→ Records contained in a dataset
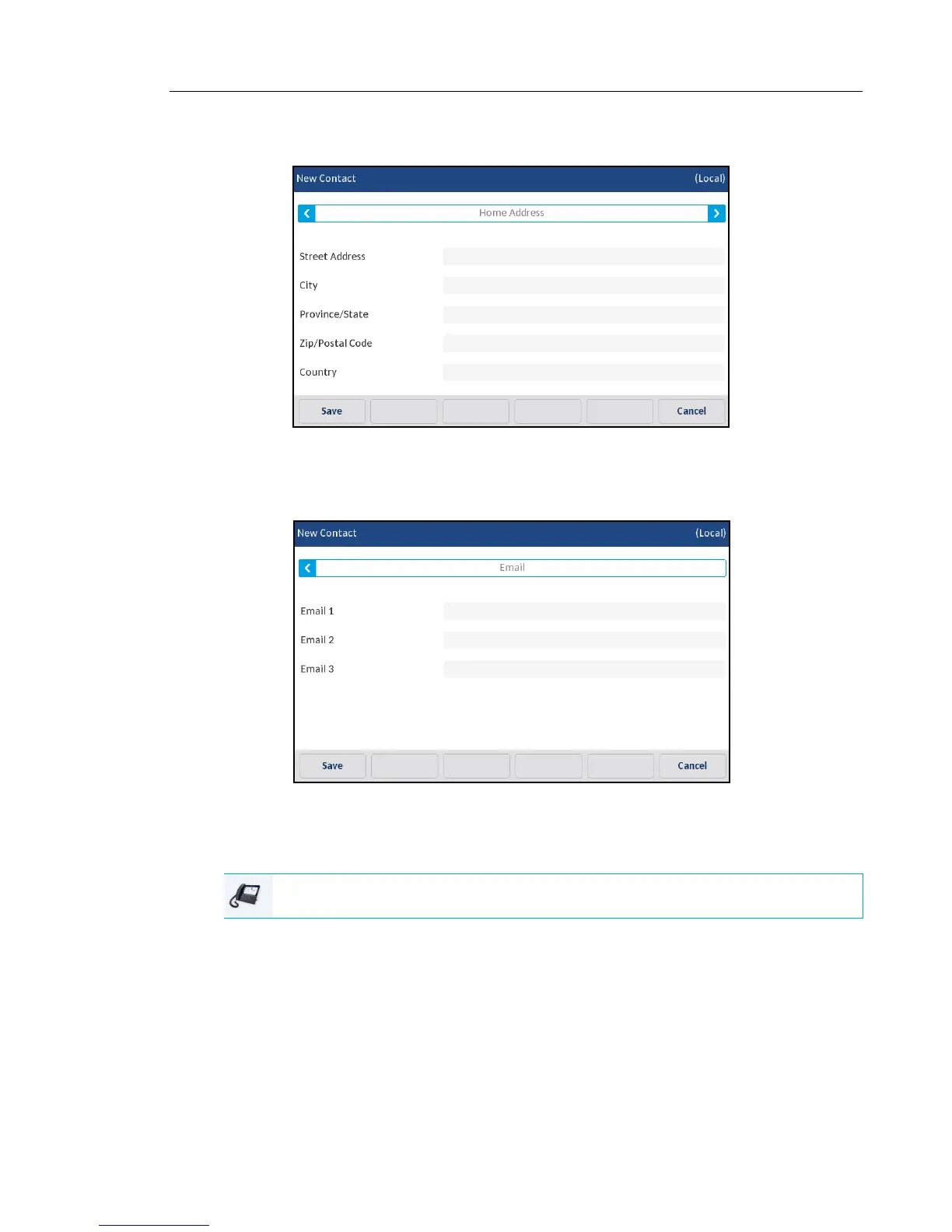 11. Press the Home Address tab, and press the right arrow button to switch to the Email tab.
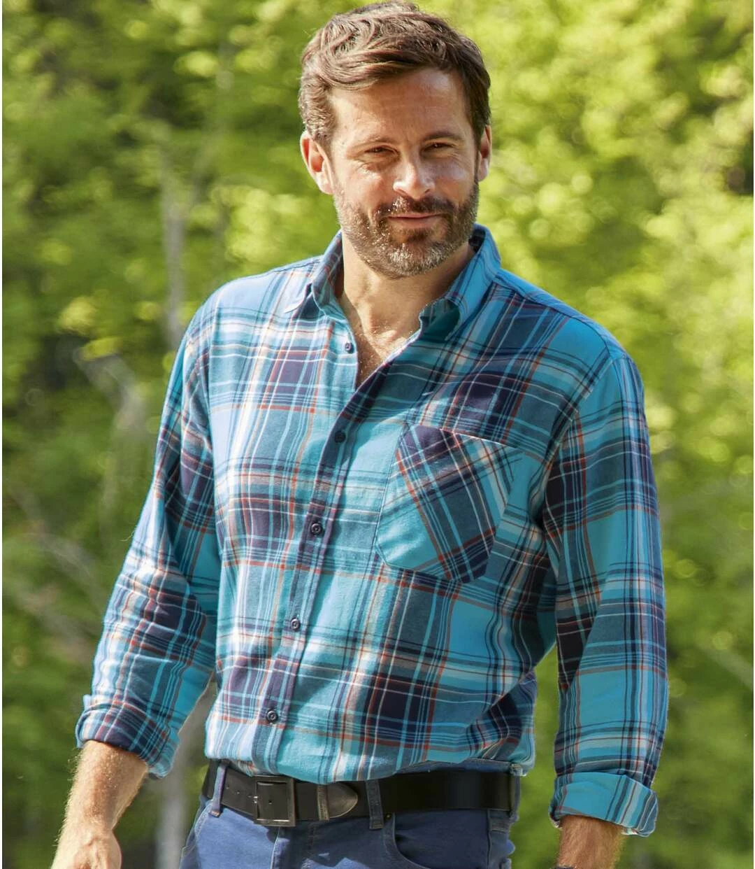 Kariertes Flanellhemd Atlas(R): Komfort und Stil sind garantiert bei diesem langärmeligen Hemd in Blautönen. Es ist aus sehr warmem Flanell (ca. 160 g/m²) und hat ein Webkaromuster. Weiter Schnitt mit 2 Bewegungsfalten im Rücken und abgerundetem Saum. Sorgfältige Verarbeitung: Kentkragen, Brusttasche, Knopfmanschetten. 100% Baumwolle. Rückenlänge bei Größe L: ca. 81 cm. Maschinenwaschbar bei 30°. Farben: Türkis kariert – Art.-Nr.: J2126
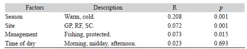 We found no significant differences in the similitude between samplings of any of the assessed factors (Table 2). Although the degrees of correlation were rather weak (R= 0.08-0.02), we found significant differences in the fish assemblage between seasons and sites (p < 0.01). Management and time of the day did not yield any significant differences between samples (p > 0.05).
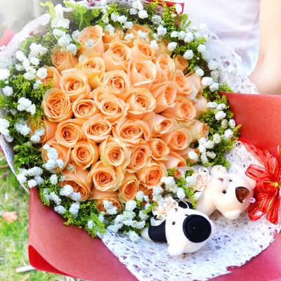 33朵香槟玫瑰+2小熊+黄英满天星搭配。红色外包装,白色内衬,按图制作,务必保证花材质量和新鲜,如图小姑 |
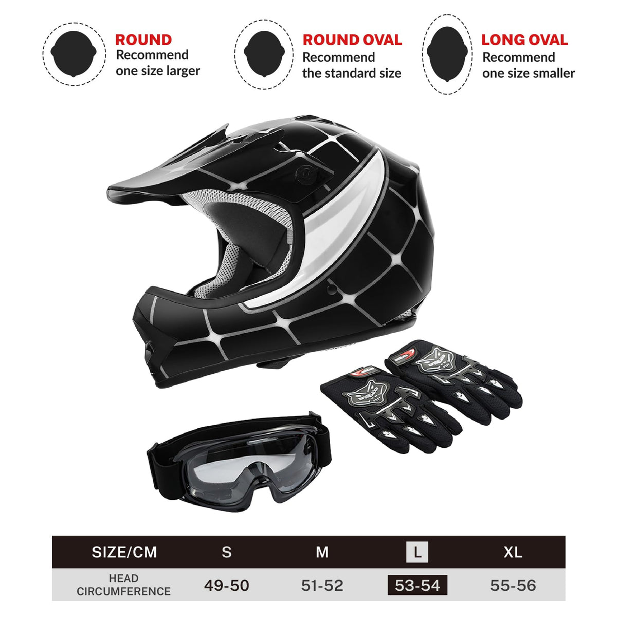 Description Conditon: Brand New Main Color: Black Spider Helmet Size: Small(Youth) Goggles Size: One Size(Youth) Gloves Size: One Size(Youth) Helmet Features: Beautiful Glossy Uv Protective Finished S/M/L/Xl Size For Youth Light Weight Extremely Durable Composite Shell Heavily Cushioned And Very Comfortable Interior Removable And Washable Padding Well Vented All Purpose Product For Summer Or Winter Riding Well Vented All Purpose Product For Off-Road Riding Dot Safety Standard Comes With A Helmet Bag New In Box Note: Please Measuring Your Head Before Biddingwrap Clotg Tape Measure Around Head Approx. 1Cm Above Ears And 2Cm Above Eyebrows. (If You Donthave A Tape Measure, You Can Use A Piece Of String And Measure Using A Ruler.) Youth Size Chart S = 19.15-19.506 Inch M = 20.10-20.45 Inch L = 20.87-21.26 Inch Xl(=Adult S) = 21.65-22.5 Inch Size Guide To Ensure Proper Sizing, Please Do The Following: Take A Head Measurement With A Cloth Tape Measure. Wrap Clotg Tape Measure Around Head Approx. 1Cm Above Ears And 2Cm Above Eyebrows. (If You Donthave A Tape Measure, You Can Use A Piece Of String And Measure Using A Ruler.) Package Included: -1X Helmet -1X Goggles -1 Pair Gloves -1Xhelmet Bag

→ The task
All lines from the start of the entries above through the line containing "33朵香槟玫瑰+2小熊+黄英" must be transcribed exactly, both ends included, and no picture may be copied.

→ Expected output
 11. Press the Home Address tab, and press the right arrow button to switch to the Email tab.
 Kariertes Flanellhemd Atlas(R): Komfort und Stil sind garantiert bei diesem langärmeligen Hemd in Blautönen. Es ist aus sehr warmem Flanell (ca. 160 g/m²) und hat ein Webkaromuster. Weiter Schnitt mit 2 Bewegungsfalten im Rücken und abgerundetem Saum. Sorgfältige Verarbeitung: Kentkragen, Brusttasche, Knopfmanschetten. 100% Baumwolle. Rückenlänge bei Größe L: ca. 81 cm. Maschinenwaschbar bei 30°. Farben: Türkis kariert – Art.-Nr.: J2126
 We found no significant differences in the similitude between samplings of any of the assessed factors (Table 2). Although the degrees of correlation were rather weak (R= 0.08-0.02), we found significant differences in the fish assemblage between seasons and sites (p < 0.01). Management and time of the day did not yield any significant differences between samples (p > 0.05).
 33朵香槟玫瑰+2小熊+黄英满天星搭配。红色外包装,白色内衬,按图制作,务必保证花材质量和新鲜,如图小姑 |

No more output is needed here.